Directions
Starting from the line with "- 厨房吊顶选择亮面扣板,预" and going up to and including the line with "(0) | 2026.02.26 |", copy the listing below exactly. Leave all images out.

Supplied entries
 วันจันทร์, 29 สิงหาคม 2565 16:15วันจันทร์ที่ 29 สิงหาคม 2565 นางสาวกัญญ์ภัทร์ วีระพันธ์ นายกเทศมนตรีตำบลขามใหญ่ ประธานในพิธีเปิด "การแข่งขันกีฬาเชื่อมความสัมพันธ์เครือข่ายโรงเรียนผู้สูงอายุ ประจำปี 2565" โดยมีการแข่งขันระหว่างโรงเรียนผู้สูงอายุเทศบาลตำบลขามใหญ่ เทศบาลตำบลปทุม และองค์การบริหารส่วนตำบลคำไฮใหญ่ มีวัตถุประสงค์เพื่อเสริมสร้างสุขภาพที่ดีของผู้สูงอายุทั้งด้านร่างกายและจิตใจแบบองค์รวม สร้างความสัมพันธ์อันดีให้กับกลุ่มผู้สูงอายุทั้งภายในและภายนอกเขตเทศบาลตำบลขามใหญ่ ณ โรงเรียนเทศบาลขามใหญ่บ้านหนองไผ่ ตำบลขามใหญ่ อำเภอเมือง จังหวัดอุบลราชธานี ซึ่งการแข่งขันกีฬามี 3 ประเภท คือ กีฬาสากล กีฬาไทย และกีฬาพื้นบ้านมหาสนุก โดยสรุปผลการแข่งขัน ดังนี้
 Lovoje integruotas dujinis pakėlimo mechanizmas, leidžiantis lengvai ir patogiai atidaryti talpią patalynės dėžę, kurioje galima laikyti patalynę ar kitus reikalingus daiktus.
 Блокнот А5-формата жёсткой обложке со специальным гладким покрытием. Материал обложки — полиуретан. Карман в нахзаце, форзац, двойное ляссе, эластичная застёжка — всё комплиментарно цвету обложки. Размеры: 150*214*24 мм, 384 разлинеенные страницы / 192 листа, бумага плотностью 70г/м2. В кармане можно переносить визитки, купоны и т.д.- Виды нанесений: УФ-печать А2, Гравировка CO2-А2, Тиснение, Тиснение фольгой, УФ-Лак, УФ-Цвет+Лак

---

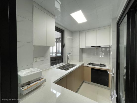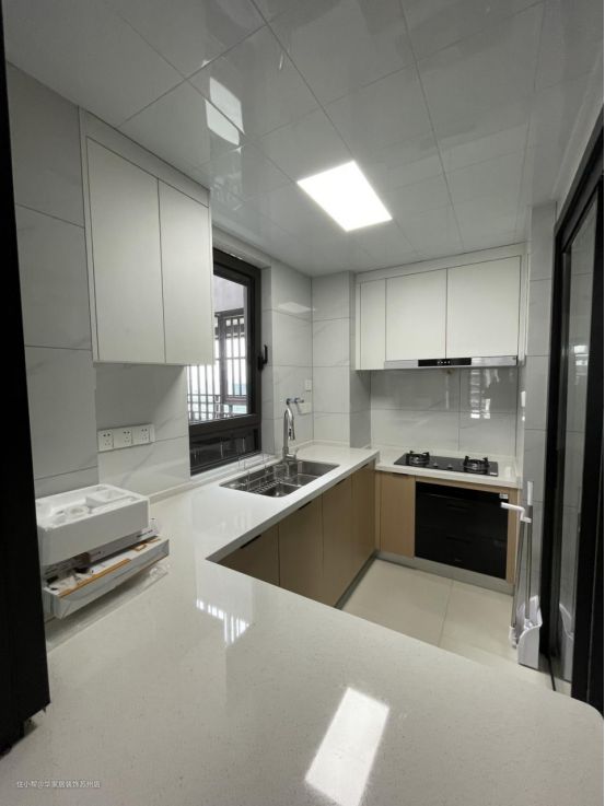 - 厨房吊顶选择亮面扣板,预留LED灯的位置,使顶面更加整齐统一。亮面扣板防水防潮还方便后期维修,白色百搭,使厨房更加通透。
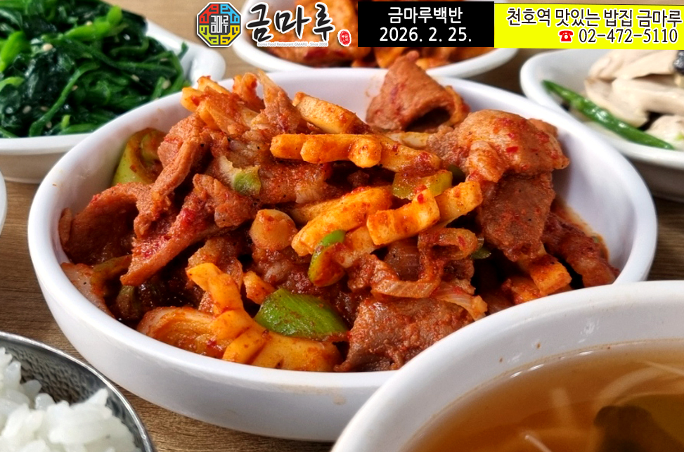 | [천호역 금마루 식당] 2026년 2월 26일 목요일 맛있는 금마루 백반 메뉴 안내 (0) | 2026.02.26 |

Response below
 - 厨房吊顶选择亮面扣板,预留LED灯的位置,使顶面更加整齐统一。亮面扣板防水防潮还方便后期维修,白色百搭,使厨房更加通透。
 | [천호역 금마루 식당] 2026년 2월 26일 목요일 맛있는 금마루 백반 메뉴 안내 (0) | 2026.02.26 |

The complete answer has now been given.